In this condition, the kidneys start getting affected by a failing liver function. This occurs because the kidneys are not able to detoxify the impurities that blood has and hence, cannot produce adequate amount of urine. However, kidneys still continue to remove salt from the blood, which is one of their primary functions. This could be because when the liver doesn’t function properly, there is a high presence of toxins in the blood which the kidneys cannot purify alone.
Hepatopulmonary syndrome is a complication that occurs when the lungs of the patient start getting affected by a failing liver. This adversely affects the breathing ability of the patient and makes it difficult for him to breathe properly, particularly when he is exerting. This happens because when liver cirrhosis reaches its advanced stages, certain hormones are produced in the body that make the lungs function abnormally.
Liver cancer (hepatocellular carcinoma)
A liver that is cirrhotic can increase the chances of primary liver cancer manifold.

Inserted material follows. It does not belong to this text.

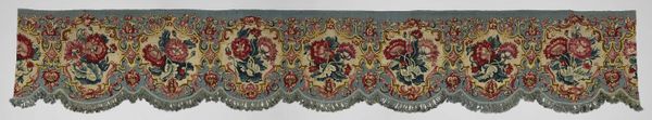 This elaborate textile, a bed valence, was made by Beauvais, the famous French manufactory. It's woven using wool and silk, materials that speak to luxury and skilled craftsmanship. Look closely, and you'll see how the materials dictate the appearance. The silk threads create a subtle sheen, while the wool provides depth and texture. The weavers would have used a low-warp loom, meticulously interlacing threads to build up the design. The density of the weave, combined with the plushness of the materials, gives the valence a weighty, substantial feel. The complex floral patterns and drapery-like effects showcase the expertise of the Beauvais workshop, which employed highly skilled artisans. This kind of piece would have been commissioned for the wealthiest echelons of society, and involved many hours of work. Considering the labor involved, and the social context of elite consumption, we can see this textile as more than just decoration. It's a material record of craft, skill, and social status, blurring any easy distinction between art and design.

This is because the chances of a tumor developing in the liver are very high when it is cirrhotic.
If you are already a patient of the disease, you must take the following precautions to prevent the liver from damaging further.
– You must ensure that your diet is balanced and you take multivitamins.
– All patients who are suffering from cirrhosis should abstain from drinking alcohol. If your condition developed due to excessive alcohol consumption only, you must experience an improvement in your health as soon as you start abstaining. For patients in whom the causes are not related to alcohol, abstinence can still help slow the progression of the disease.
– Avoid taking nonsteroidal anti-inflammatory drugs (NSAIDs). These can adversely impact the condition of your liver.
– Take a diet that is low in sodium because salt can make your body retain fluids, causing swelling in your abdomen and legs. Replace salt with natural herbs.
– Avoid getting infected as liver cirrhosis can make it difficult for you to fight infections. This will include maintaining proper hygiene, washing hands frequently, getting vaccinated for hepatitis, influenza and pneumonia.